Devrim sonrasında Binbaşı Ernesto Che Guevara Havana'nın la Cabana Kalesi'nin komutanlığına getirildi.1959 yılında Küba vatandaşı ilan edildi . Bir süre sonra silah arkadaşı Aleida March ile evlendi. 7 Ekim 1959'da Milli Tarım Reformu Enstitüsü başkanlığına atandı. 26 Kasım'da da Küba Milli Bankası başkanlığına getirildi. Böylece Che ülkenin mali işlerini yüklenmiş oluyordu. 23 Şubat 1961'de Küba Devrim Hükümeti bir sanayi bakanlığı kurarak Che'yi bunun başına getirdi.

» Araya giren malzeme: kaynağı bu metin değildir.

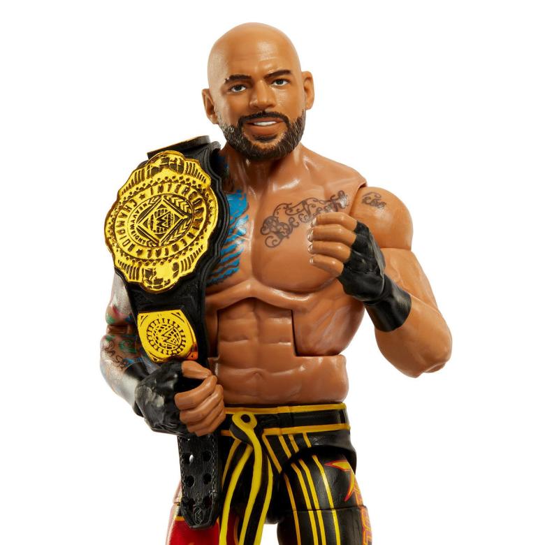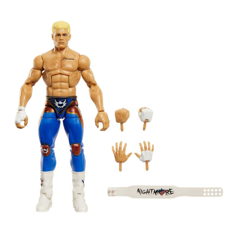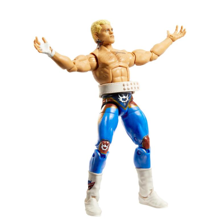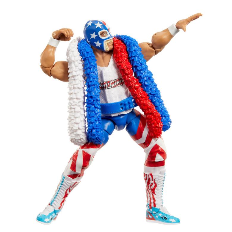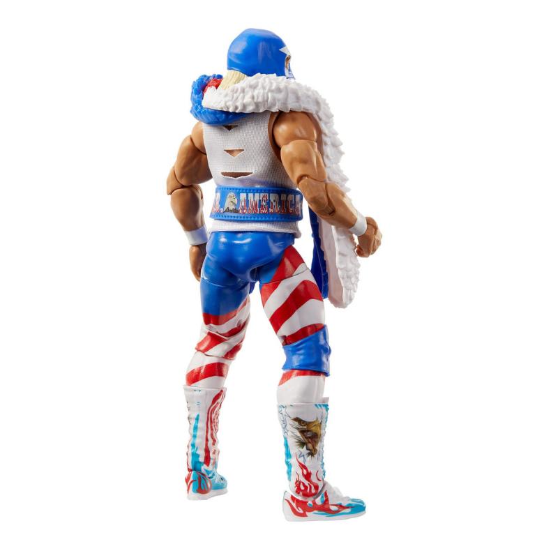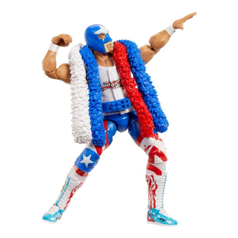 The six figures in the set include Rhodes, Mr. America (who looks a lot like Hulk Hogan), Kevin Owens, Johnny Knoxville, Sonya Deville, and Ricochet. Here’s a look at the set.
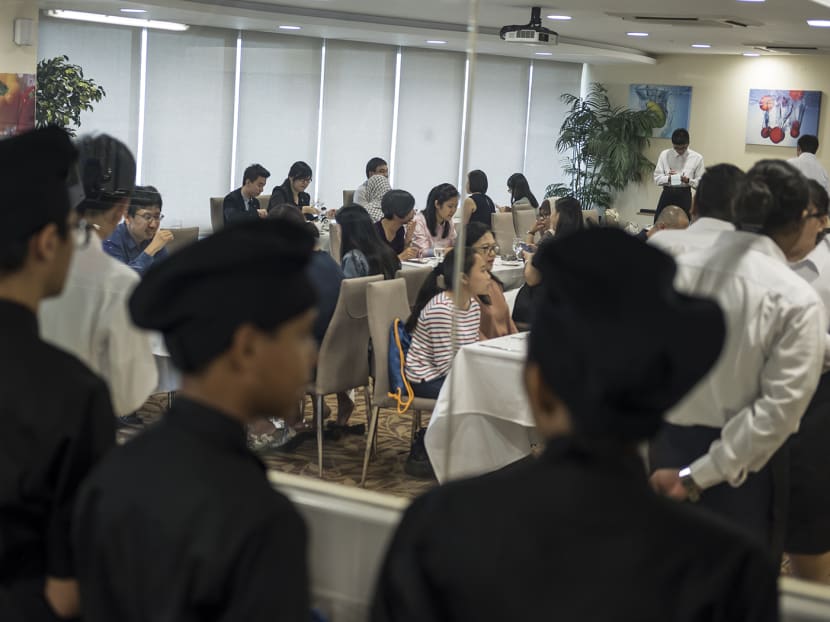 SINGAPORE — Secondary Three student Lee Hui Ling, 15, was jittery. Ahead of her was the big task for the day – to keep track of customers’ orders for the two-course French cuisine-inspired meal and relay them back to the kitchen stations.
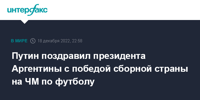 Москва. 18 декабря. INTERFAX.RU - Президент России Владимир Путин поздравил в воскресенье аргентинского лидера Альберто Фернандеса с победой аргентинской сборной на чемпионате мира по футболу в Катаре.
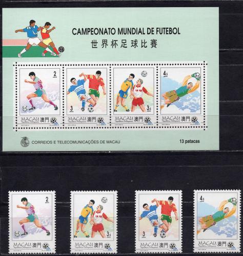 Почтовые марки. Макао, 1994 г. №759-762. Бл.27. Футбол. (Mi 17.5 e)
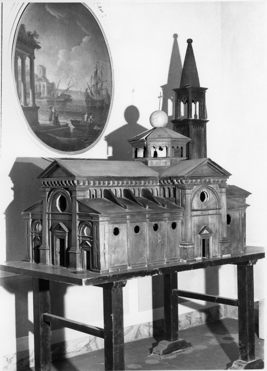 - NOTIZIE STORICO CRITICHE Il medello ligneo della cattedrale di Vigevano fu probabilmente realizzao da una bottega lombarda su disegno di Antonio da Lonate, l'architetto a cui Francesco II Sforza commissionò la costruzione dell'edificio nel 1532. Il modello presenta elementi architettonici di chiara derivazione bramantesca. Per qualche notizia, si veda: L. Barni "La cattedrale e le primitive chiese di Vigevano", Vigevano 1919, p. 36, fig. 6; F. Pezza "Vigevano", in "Le cento città d'Italia illustrate", n. 217, Milano 1928, p. 12; F. Pianzola " Il Santambrogio di Vigevano", in "Ticinum", 1939-40, p. 34; E. Aschieri " Rilievo dei monumenti. Il modello ligneo del Duomo di Vigevano", in "Palladio", 1939; S. Molinari "Il Duomo e il suo Tesoro. Storia della città di Vigevano", Vigevano 1972, p. 153; S. Molinari "Vigevano. Il Duomo e il suo Tesoro", Vigevano 1979, p. 4
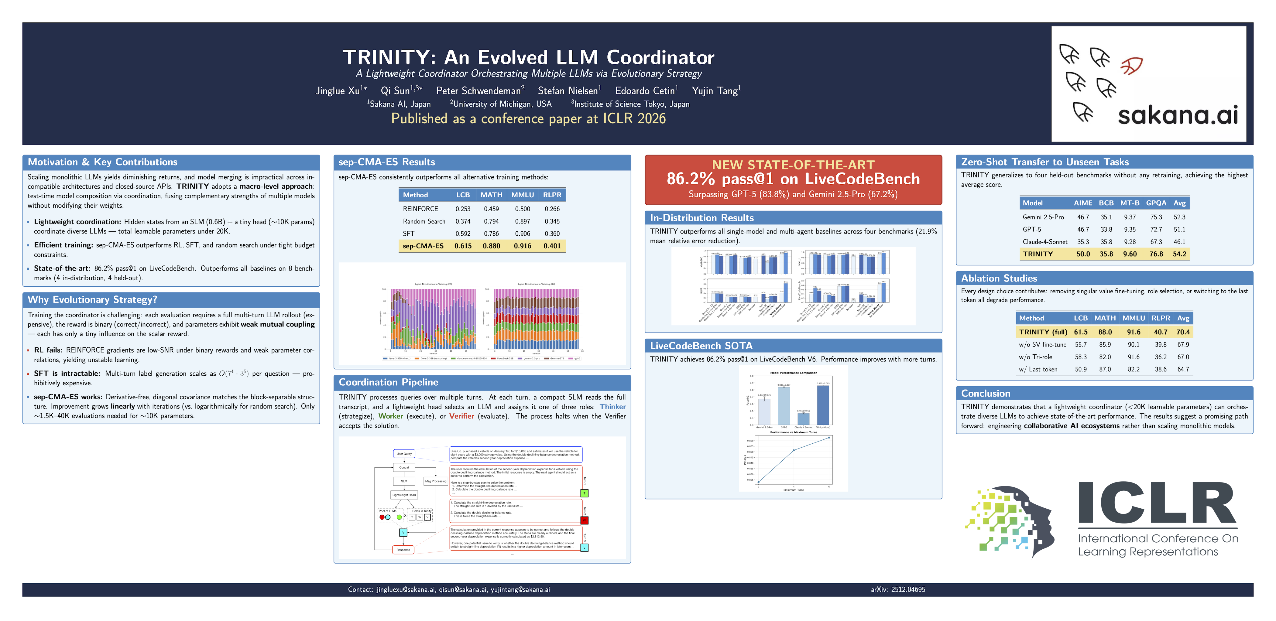 Xu, Sun, Schwendeman, Nielsen, Cetin, Tang. TRINITY: An Evolved LLM Coordinator. ICLR 2026.
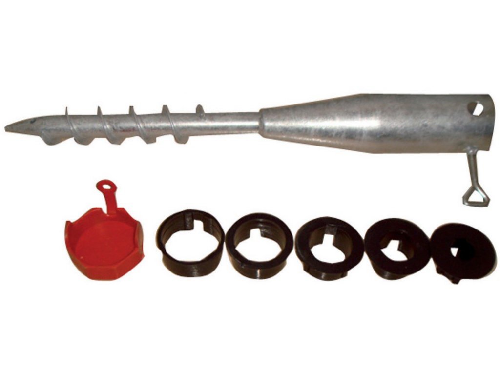 Uzemnená skrutka s univerzálnym použitím v záhrade, konštrukcii alebo na ukotvenie plota.

Ancak Playa Giran çatışması sırasında, tekrar kale komutanlığı görevine getirildi. Daha sonra az gelişmiş ülkelere çesitli seyahatlar yapan Che, sömürülen halkları ve emperyalistleri daha yakından tanıma fırsatı buldu. Bu durum Che'nin savaşcı yanının tekrar canlanmasına yol açtı. Artık başka Latin Amerika ülkelerine gidip halkları örgütlemesi gerektiği kararını vermişti.1965 Eylül'ünde bilinmeyen ülkelere doğru yola çıktı. 3 Ekim 1965'de Fidel Castro, Che'nin ünlü veda mektubunu Küba Halkı'na okudu.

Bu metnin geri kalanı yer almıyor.